#### [What you should do]
No pictures go into the copy. Write out every line below exactly.

#### [Exercise data]
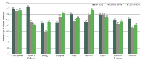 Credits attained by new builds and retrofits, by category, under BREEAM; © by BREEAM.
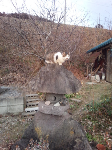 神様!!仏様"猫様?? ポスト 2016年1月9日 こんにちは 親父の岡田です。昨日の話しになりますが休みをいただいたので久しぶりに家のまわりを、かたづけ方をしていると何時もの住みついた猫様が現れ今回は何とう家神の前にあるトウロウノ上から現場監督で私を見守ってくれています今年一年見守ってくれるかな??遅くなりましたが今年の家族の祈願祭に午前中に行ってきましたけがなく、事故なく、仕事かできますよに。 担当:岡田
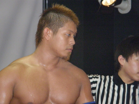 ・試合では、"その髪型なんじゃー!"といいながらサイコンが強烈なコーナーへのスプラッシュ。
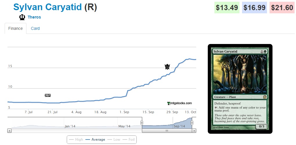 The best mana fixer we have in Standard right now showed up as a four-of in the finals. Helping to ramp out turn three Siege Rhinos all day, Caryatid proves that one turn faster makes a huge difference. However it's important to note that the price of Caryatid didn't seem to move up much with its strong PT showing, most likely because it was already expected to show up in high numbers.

#### [Exercise solution]
 Credits attained by new builds and retrofits, by category, under BREEAM; © by BREEAM.
 神様!!仏様"猫様?? ポスト 2016年1月9日 こんにちは 親父の岡田です。昨日の話しになりますが休みをいただいたので久しぶりに家のまわりを、かたづけ方をしていると何時もの住みついた猫様が現れ今回は何とう家神の前にあるトウロウノ上から現場監督で私を見守ってくれています今年一年見守ってくれるかな??遅くなりましたが今年の家族の祈願祭に午前中に行ってきましたけがなく、事故なく、仕事かできますよに。 担当:岡田
 ・試合では、"その髪型なんじゃー!"といいながらサイコンが強烈なコーナーへのスプラッシュ。
 The best mana fixer we have in Standard right now showed up as a four-of in the finals. Helping to ramp out turn three Siege Rhinos all day, Caryatid proves that one turn faster makes a huge difference. However it's important to note that the price of Caryatid didn't seem to move up much with its strong PT showing, most likely because it was already expected to show up in high numbers.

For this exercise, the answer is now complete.